A lot of the practical work for protecting these individuals is coming from organisations not associated with the Government, particularly organisations based in Melbourne. Melbourne in particular is significant, as Victoria is the only State to have active Migration and Refugee law committees.

This committee is comprised of prominent lawyers in the migration and refugee field who advocate for justice on behalf of vulnerable individuals. Furthermore, organisations like the Asylum Seeker Resource Centre in Footscray, provide important “on ground” support. The reasons why organisations such as these need to step in to help refugees and asylum seekers is because the Australian Government is ill-placed to do so.

Since the fall of Kabul, the Department of Home Affairs, who is responsible for processing refugee and asylum applications has been inundated with applications and it is not the role of the Department to advocate for visa applications. The Department’s role is confined to processing those applications only.

Furthermore, legally speaking the Australian Government is not bound to help in this situation. This is because even though Australia is a signatory to the United Nations 1951 Refugee Convention, which dictates the protections that Governments are required to provide refugees, the Migration Act 1958 (Cth) now codifies the principles in the Convention, and so therefore appears to negate the Convention.
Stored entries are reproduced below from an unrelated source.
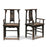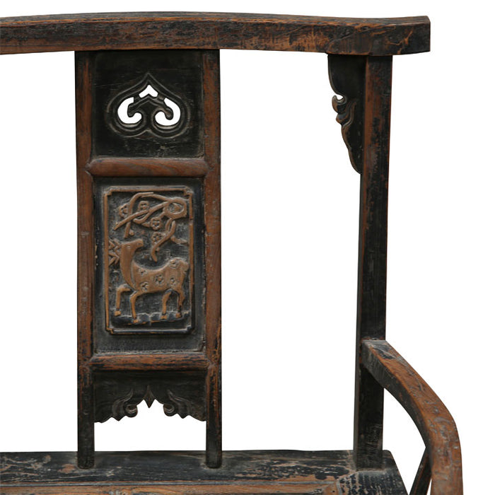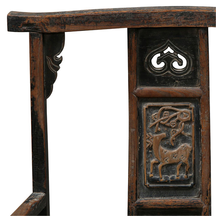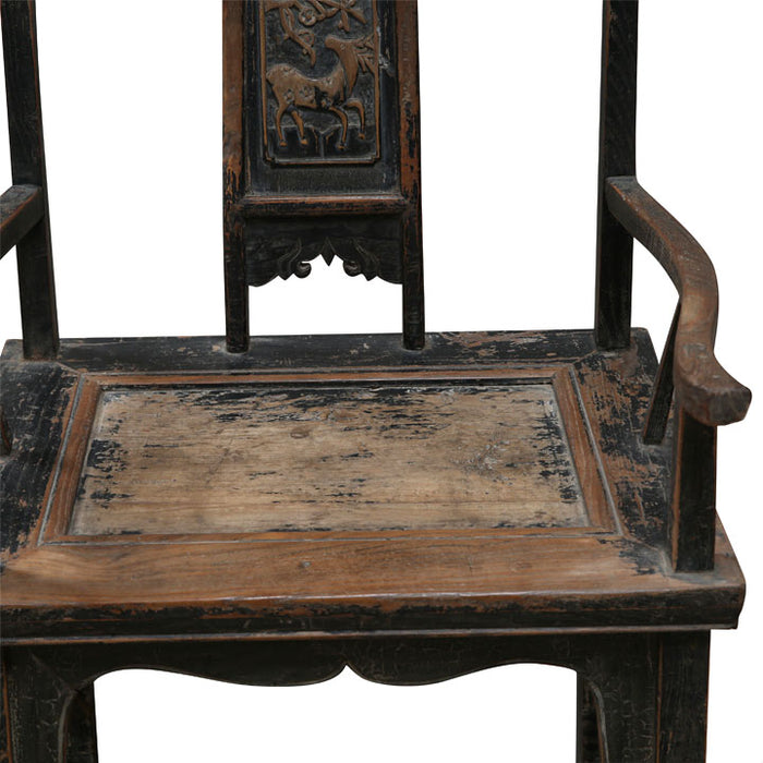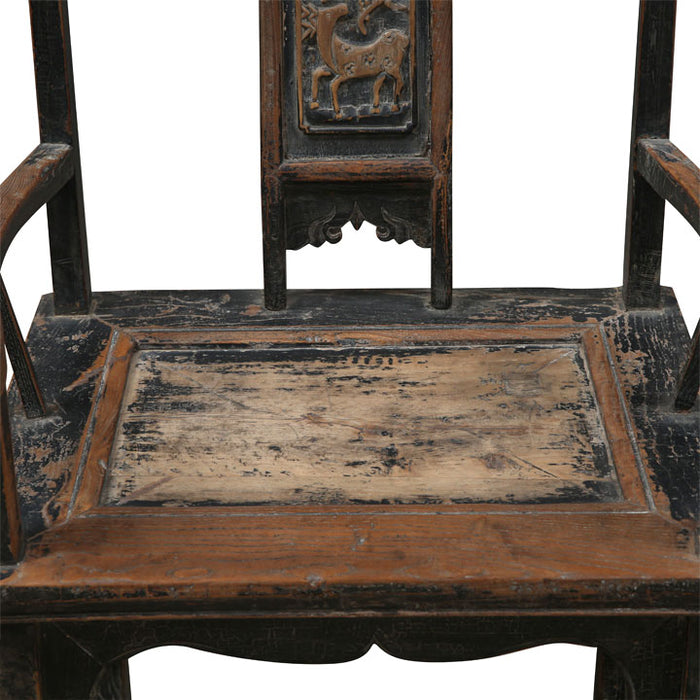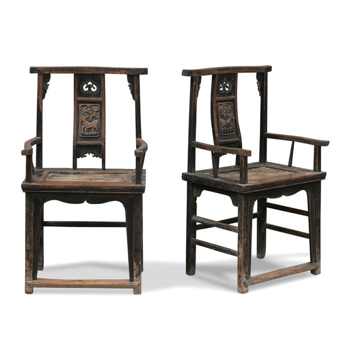 This beautiful pair of chairs are in elm wood and come from Shanxi in central China. They are based on a style known as 'official's hat' or 'yoke-back', but in this case the extending top rail that gives the style its name is only slightly curved. Unusually, the rail, legs and supporting posts are all squared rather than rounded. As is typical on Chinese chairs the backrest has some lovely carved decoration. In this case there is an auspicious 'ruyi' symbol in open carving on each chair above a Chinese unicorn ('kylin') in relief. Originally in a deep black lacquer, the finish has largely worn on the seat, armrests and footrests to show the paler wood underneath. A beautiful, quite unusual example of Chinese armchairs that would look fantastic in a modern setting. Sold as a pair, the price shown is for both chairs.
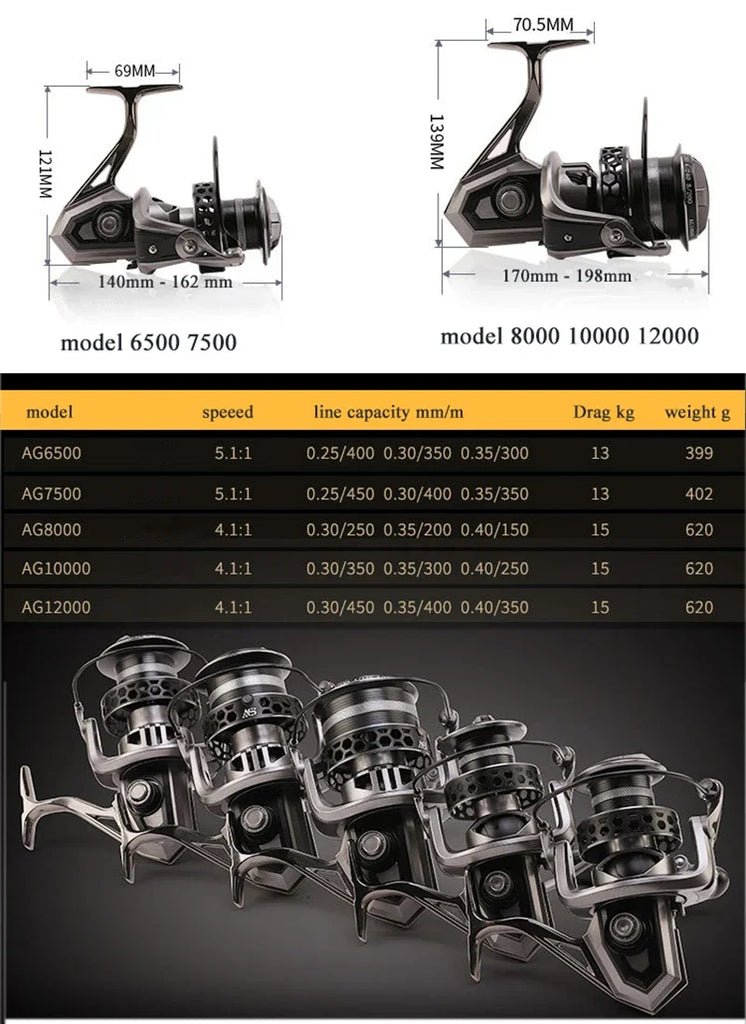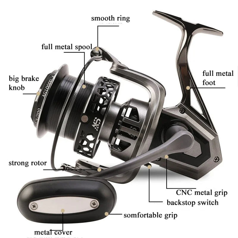 Full Metal Fishing Spinning Reel 8000 Saltwater Surfcasting Reel 12000 Sea Fishing Badge Reels Carping Fishing Gear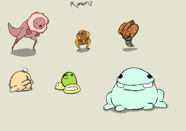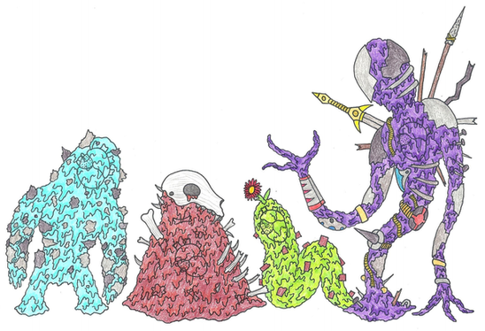 This entry might seem a little odd to some, as I don't really ever do fan art. I was bored one time, though, and decided to draw up some of the monsters from the game Starbound. I can't tell you how many hours I have spent playing that game, as there is something so gosh darn relaxing about it. Yeah, it is bit of a more cartoonier style than the stuff I do, but I just figured I would have some fun drawing these critters.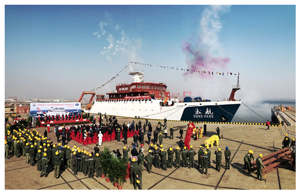 央廣網(wǎng)上海3月3日消息(記者吳善陽(yáng) 通訊員屈琳琳)我國(guó)第一艘遠(yuǎn)洋漁業(yè)資源調(diào)查船“淞航”號(hào)今天在天津下水,標(biāo)志著國(guó)內(nèi)最先進(jìn)、噸位最大的漁業(yè)資源調(diào)查船主體工程勝利完工。下水后,“淞航”號(hào)將進(jìn)入設(shè)備安裝調(diào)試、內(nèi)部裝修階段,最終以優(yōu)良的船舶性能和強(qiáng)大的科考功能服務(wù)大洋調(diào)查科考。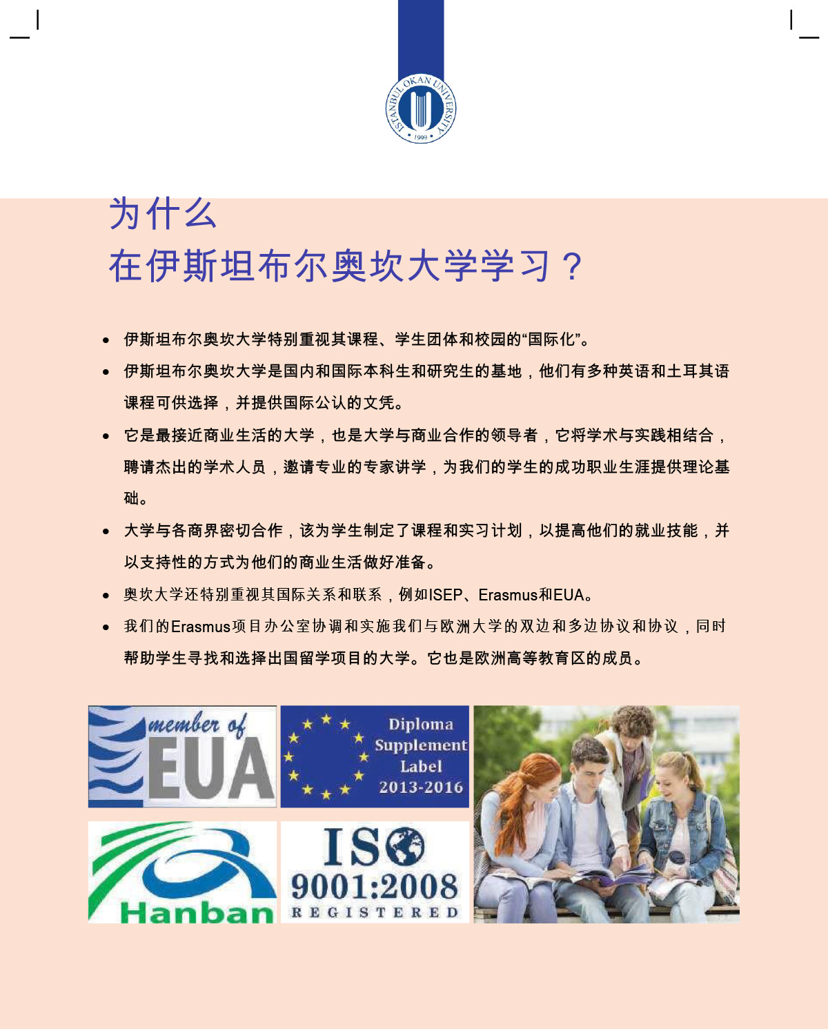 大学与各商业部门紧密合作,制定课程和实习计划,以提高学生的就业能力。除了现代学术教育,我们的学生在伊斯坦布尔奥坎大学与商业世界有密切的接触。这是最接近我国商业的大 学。因此,我们的国际学生将能够与世界各地的所有同龄人竞 争,并有幸参与联合项目和合作。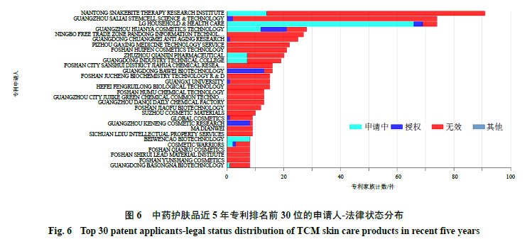 作为技术创新的主体以及相关技术的专利申请人,为保护其研发技术所开展的专利布局除了应考虑技术分布情况和市场布局区域,还要关注本领域重要申请人的专利布局情况。中药护肤品技术申请量排名前30位的大部分为中国申请人(图5、6),说明近5年在这一技术领域中国申请人处于绝对优势地位,其次是韩国申请人,此外,申请人还分布于美国、欧盟、日本、加拿大和澳大利亚,申请人主体性质为企业、科研院校和个人。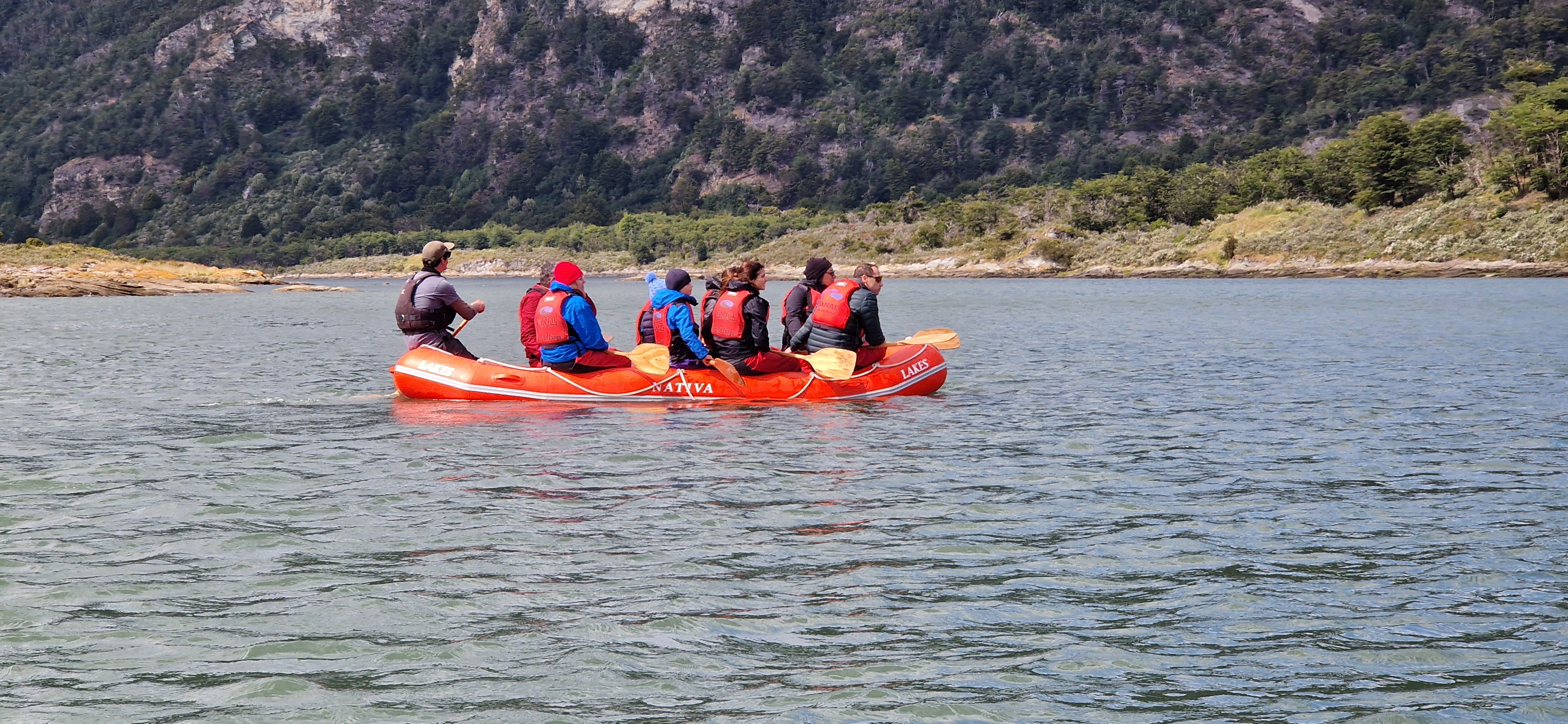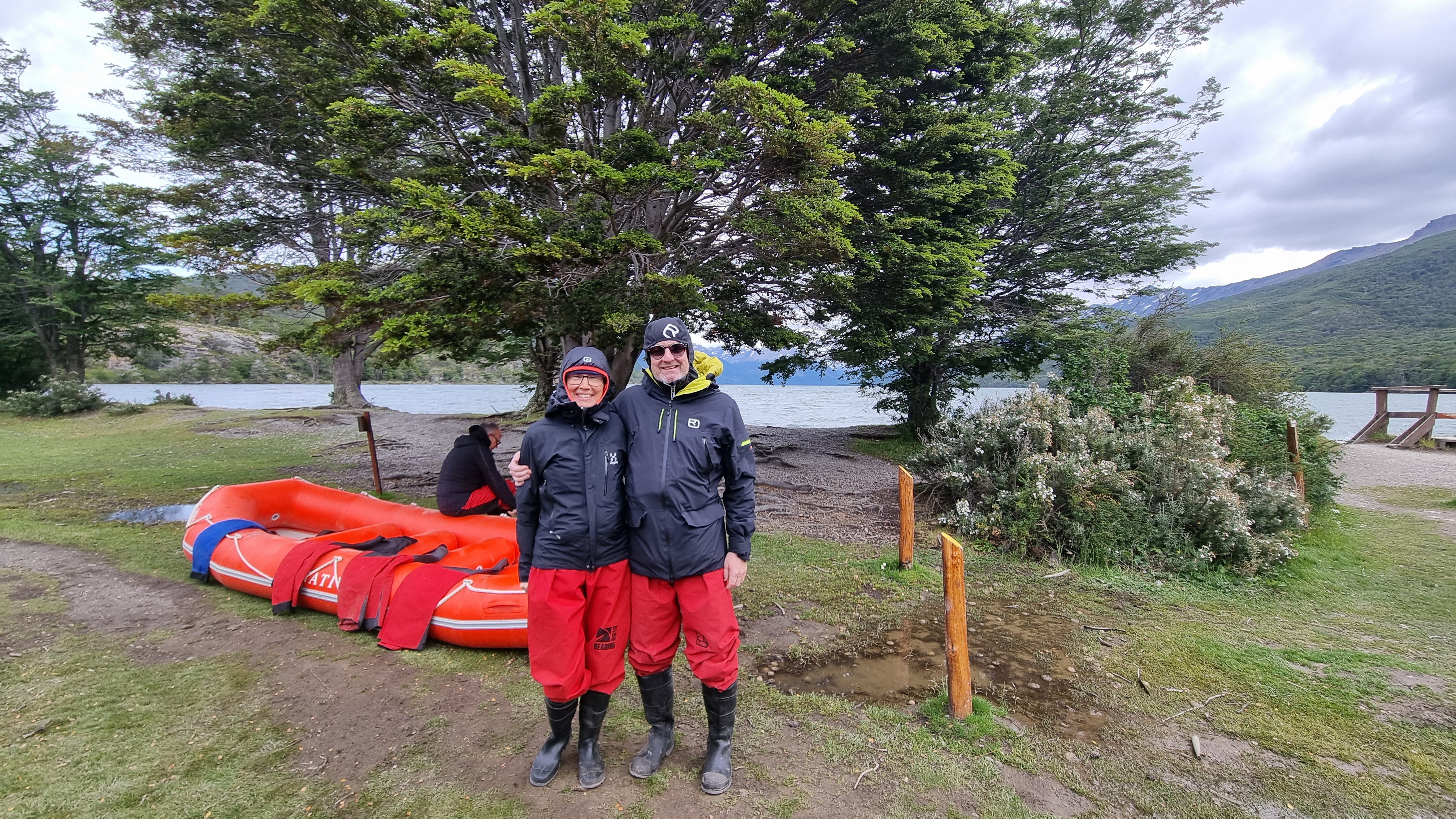 In unserem Boot befanden sich weitere 5 Personen, die aber Helga’s Meinung nach noch nie gerudert hatten. Auch unser Führer schien etwas unerfahren. Der Rafting-Guide befand sich im anderen Boot. Ein koordiniertes Paddeln war daher schwer möglich. Vom „Lago Roca“ ging es den Lapataia River abwärts, Paddeln war daher nicht wirklich notwendig. Nach einer Straßenquerung haben wir uns entschlossen, die erste Reihe zu übernehmen, um zumindest den Takt vorzugeben. Helga wurde an ihre Arbeit erinnert, wenn Teammitglieder nicht im Interesse aller arbeiten. Quatschen und sich nicht kümmern, was ansteht, geht für Helga auch im Urlaub gar nicht. Am Ende haben wir es dann doch bis zur Lapataia Bucht geschafft.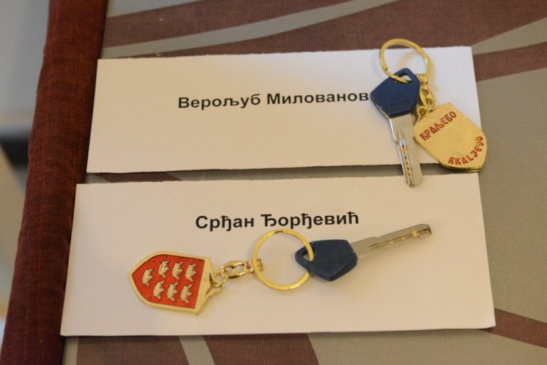 МИНИСТАР грађевинарства, саобраћаја и инфраструктуре Томислав Момировић, представница Развојне банке Савета Европе Нађа Грочкова Леруст и градоначелника Краљева др Предраг Терзић су у свечаној сали Градске управе присуствовали уручивању кључева за првих пет станова у новој вишеспратници саграђеној у Радничком насељу, тешко оштећеном током земљотреса који је 2010. погодио овај крај.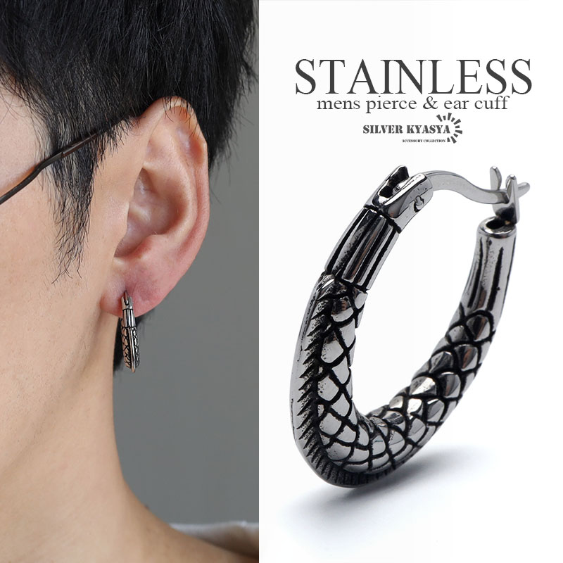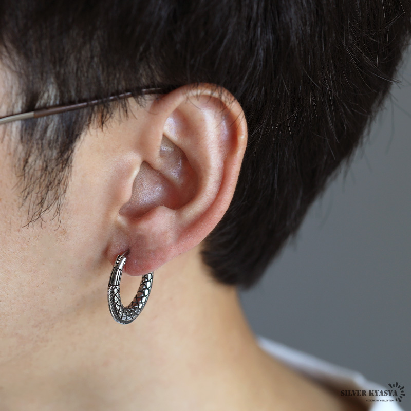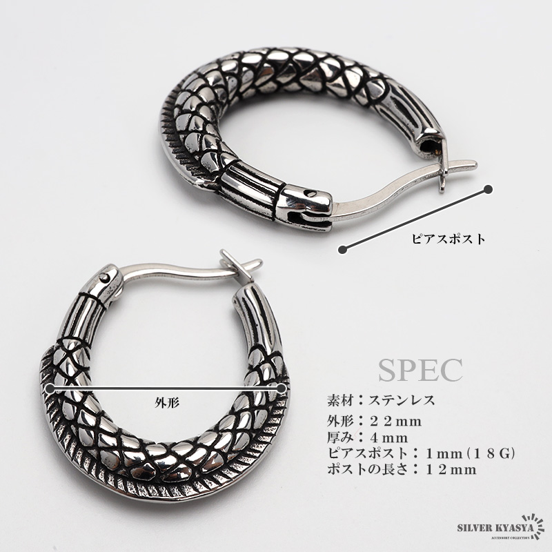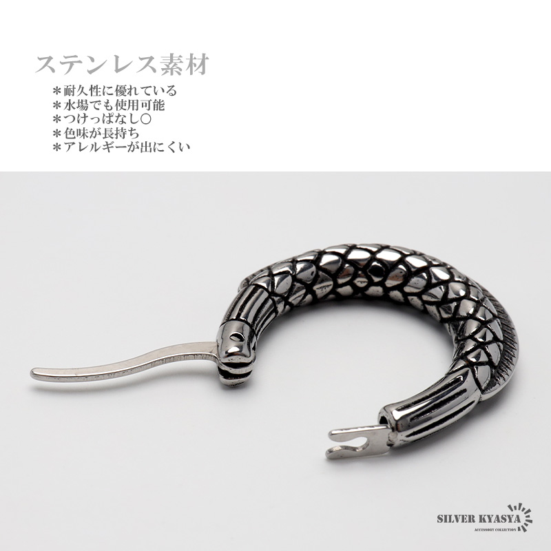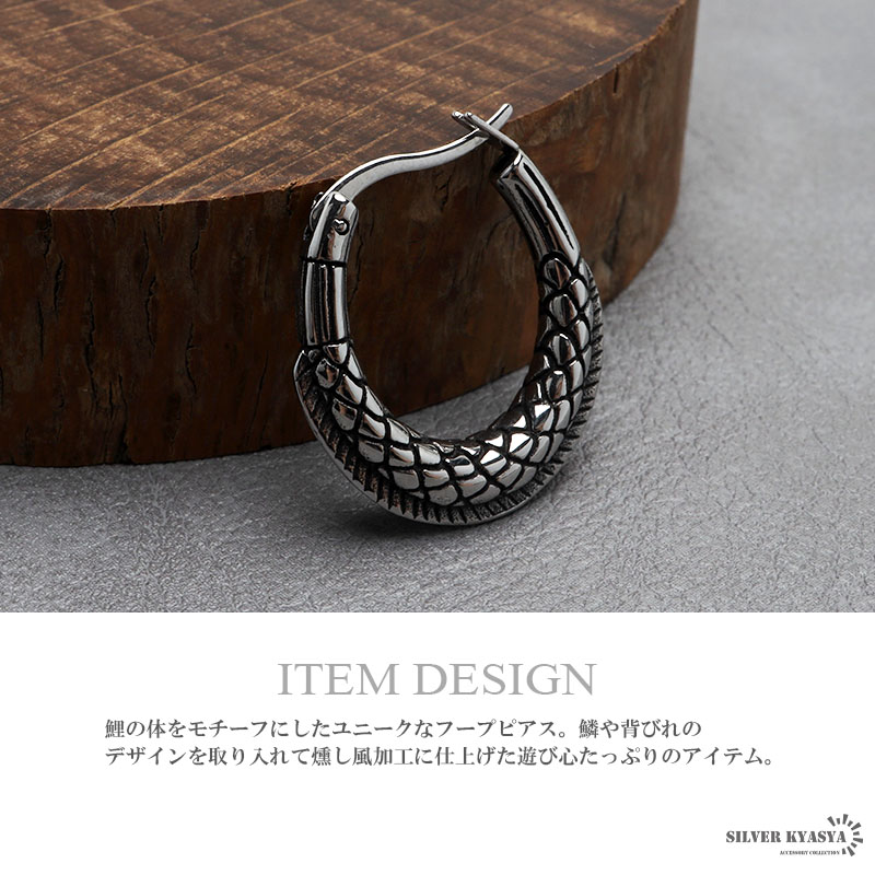 ステンレス素材 フープピアス シルバー 鯉ピアス 個性的 フィッシュピアス 鯉 魚 鱗模様 ユニーク 金属アレルギーフリー 片耳

In practice, international conventions are not binding on States unless they are implemented in domestic practice. Thus, even though the Australian Government has made a commitment to uphold international refugee norms on the global stage, the actual legal assessment of a refugee claim in Australia is done with reference to the Migration Act and related regulations.

Ultimately, the current visa places allocated by the Government to those seeking asylum is not enough given the severity of the crisis in Afghanistan, one that is likely to take at least a generation to settle.

Given the ties Australia has with its own Afghan community in Australia, a system of compassion and effectiveness is what is needed now.